**TRY IT**
Your copy should hold only the lines from the one holding "Liz Claiborne Abstract" through the last line of the records below, both included, each exact and with no pictures.

--- START ---

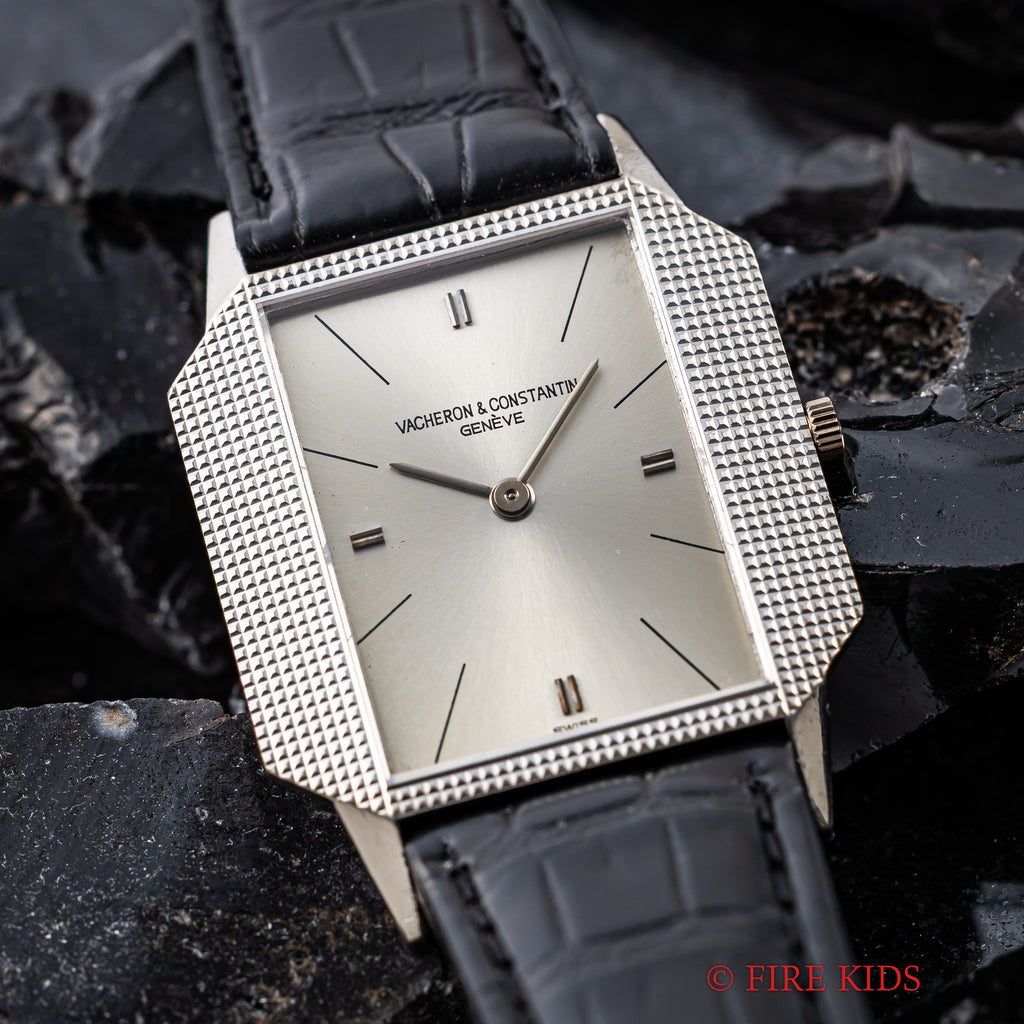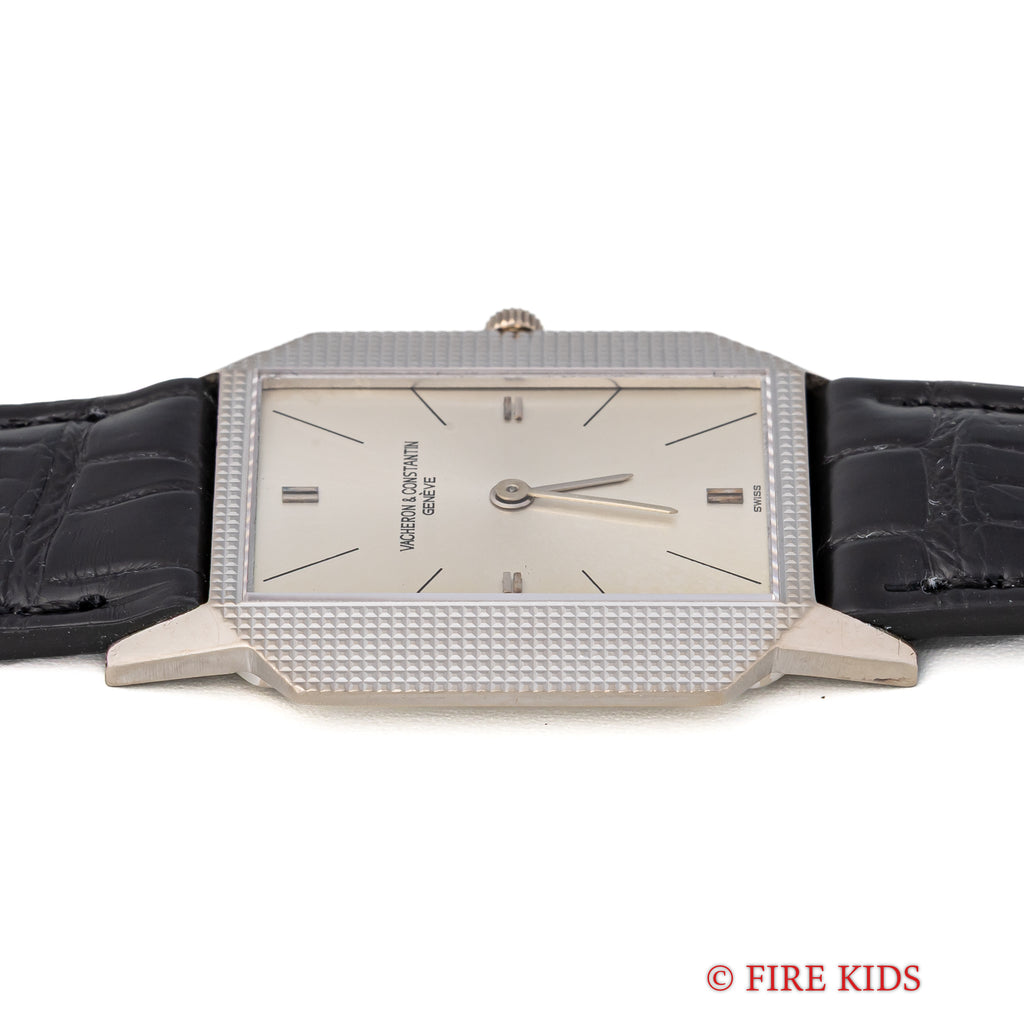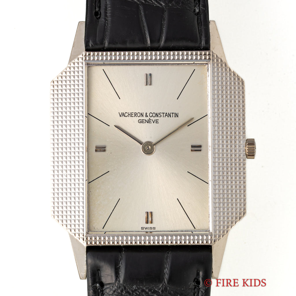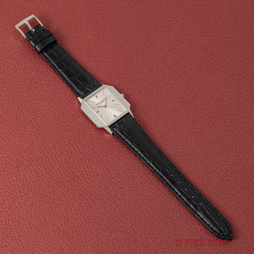ヴァシュロン・コンスタンタン 18金無垢ホワイトゴールドスクエアケース 1970年代製 手巻 Cal.1003 Ref.6989の入荷になります。厚さ僅か4㎜強の薄型ドレスウォッチでエングレーブが施されたスクエアケースが魅力的です。文字盤はシミ等無く綺麗です。ケースは小傷が見られますが大きなダメージはありません。ムーブメントはジャガー・ルクルトベースのCal.1003を搭載しています。手巻きや針回しの操作はスムースです。ベルトはファイアーキッズオリジナルのクロコダイル革ベルトに純正WG尾錠が取り付けられています。
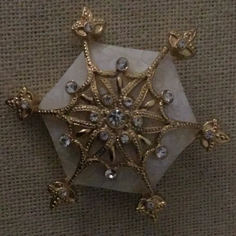 Liz Claiborne Abstract AB Crystal Snowflake brooch. Vtg treasure with stone body sizing at 2” Beautifuly crafted and sparkles
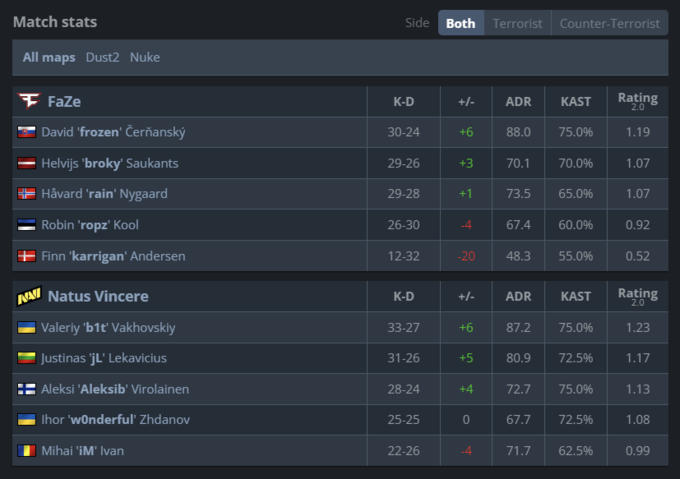 У матчі другого туру групового етапу «народжені перемагати» здолали колектив з Данії – FaZe Clan. Зустріч проходила у форматі bo3 (best of 3). NaVi виграли 2:1.
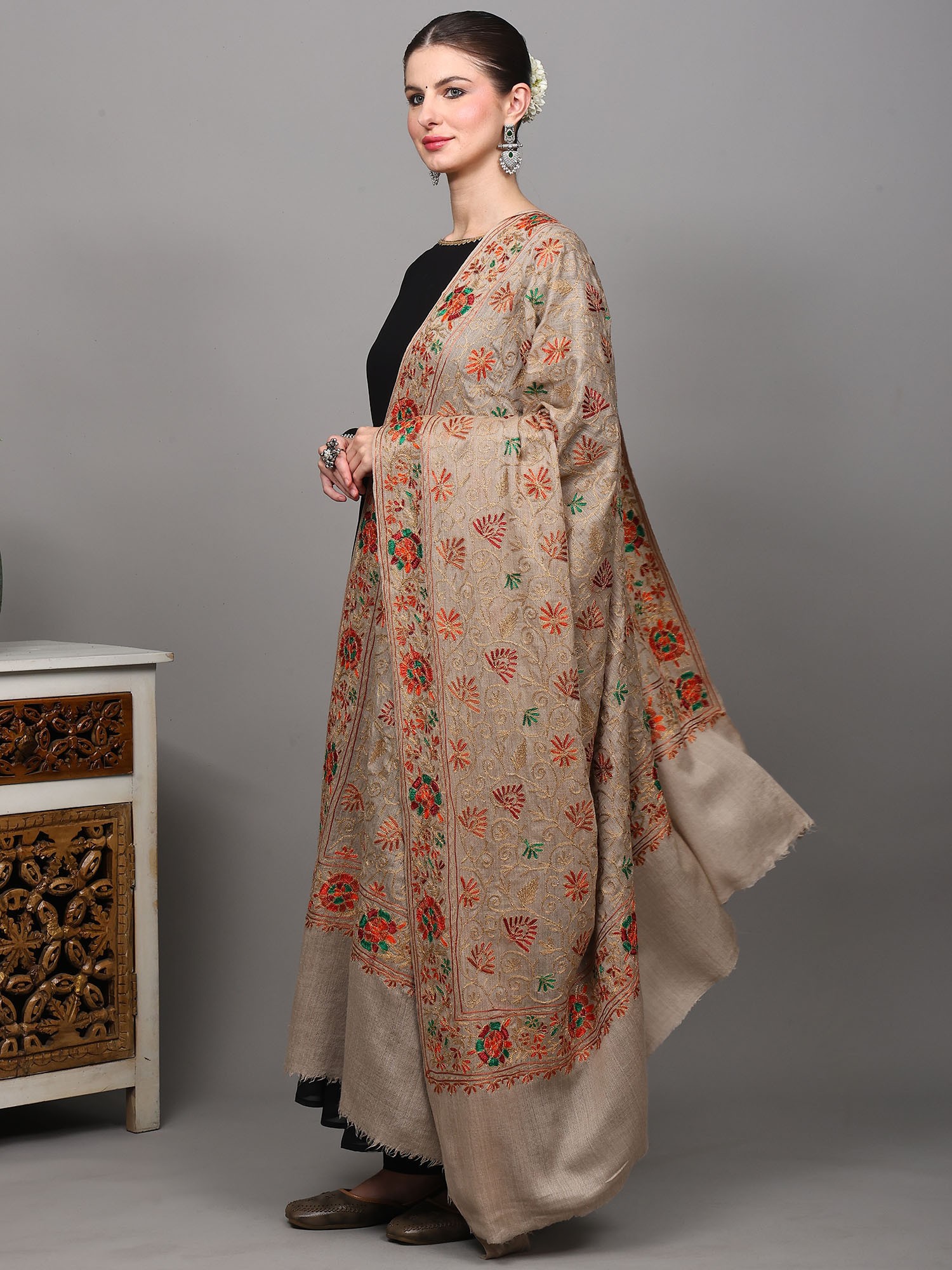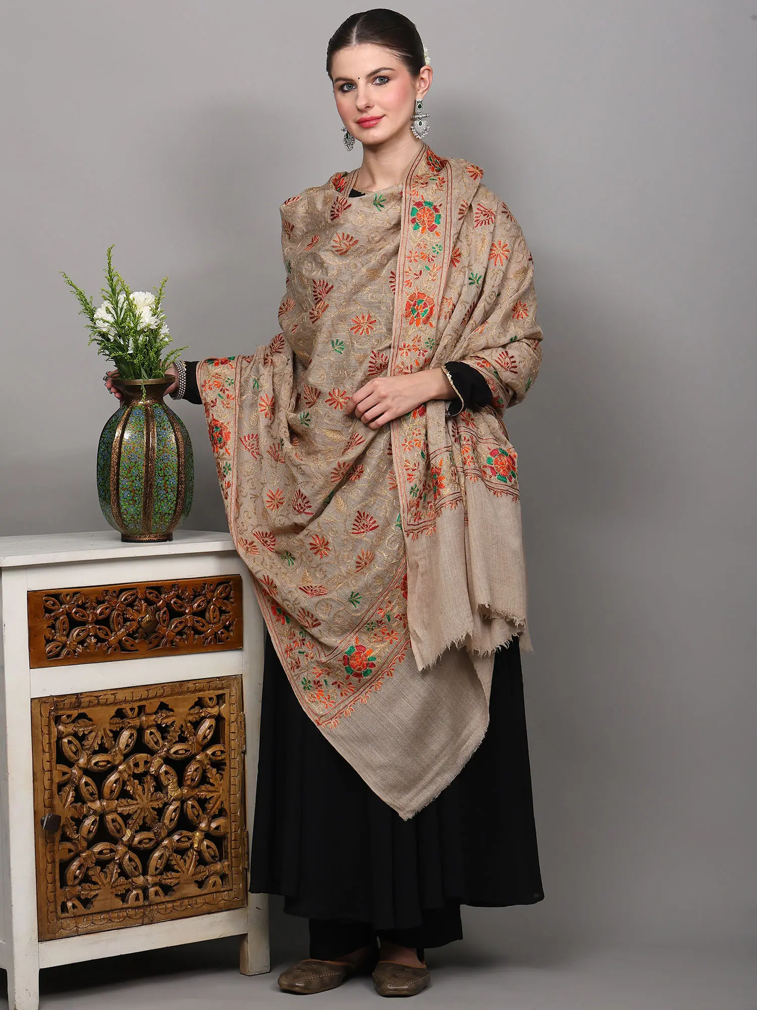 Pure Wool Shawl from Kashmir with Jaaldar Sozni Embroidery by Hand
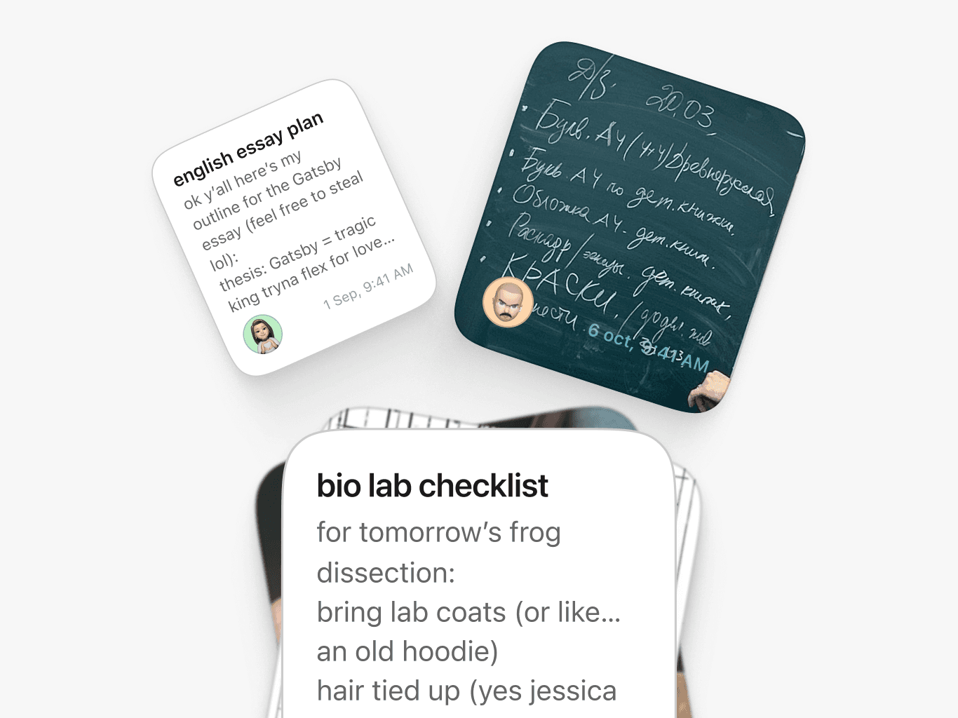 Расписание: студент кастомизирует предметы — иконки, цвета, аббревиатуры. Система periods привычна американским студентам. Все изменения мгновенно синхронизируются с группой. Заметки: поддержка форматирования, рассчитаны на большие тексты. Система стопок для организации конспектов. Без чатов — обновления через расписание и заметки. Группы: присоединение по ссылке, синхронизация в реальном времени. Никаких чатов — только структурированные данные. Студент видит обновления, а не сообщения.
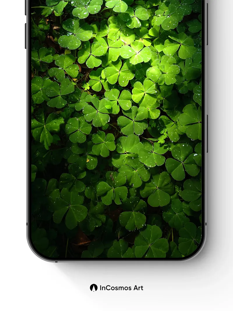 Luminous Clover Wallpaper with Dew-Kissed Leaves

--- END ---

**EXPECTED OUTPUT**
 Liz Claiborne Abstract AB Crystal Snowflake brooch. Vtg treasure with stone body sizing at 2” Beautifuly crafted and sparkles
 У матчі другого туру групового етапу «народжені перемагати» здолали колектив з Данії – FaZe Clan. Зустріч проходила у форматі bo3 (best of 3). NaVi виграли 2:1.
 Pure Wool Shawl from Kashmir with Jaaldar Sozni Embroidery by Hand
 Расписание: студент кастомизирует предметы — иконки, цвета, аббревиатуры. Система periods привычна американским студентам. Все изменения мгновенно синхронизируются с группой. Заметки: поддержка форматирования, рассчитаны на большие тексты. Система стопок для организации конспектов. Без чатов — обновления через расписание и заметки. Группы: присоединение по ссылке, синхронизация в реальном времени. Никаких чатов — только структурированные данные. Студент видит обновления, а не сообщения.
 Luminous Clover Wallpaper with Dew-Kissed Leaves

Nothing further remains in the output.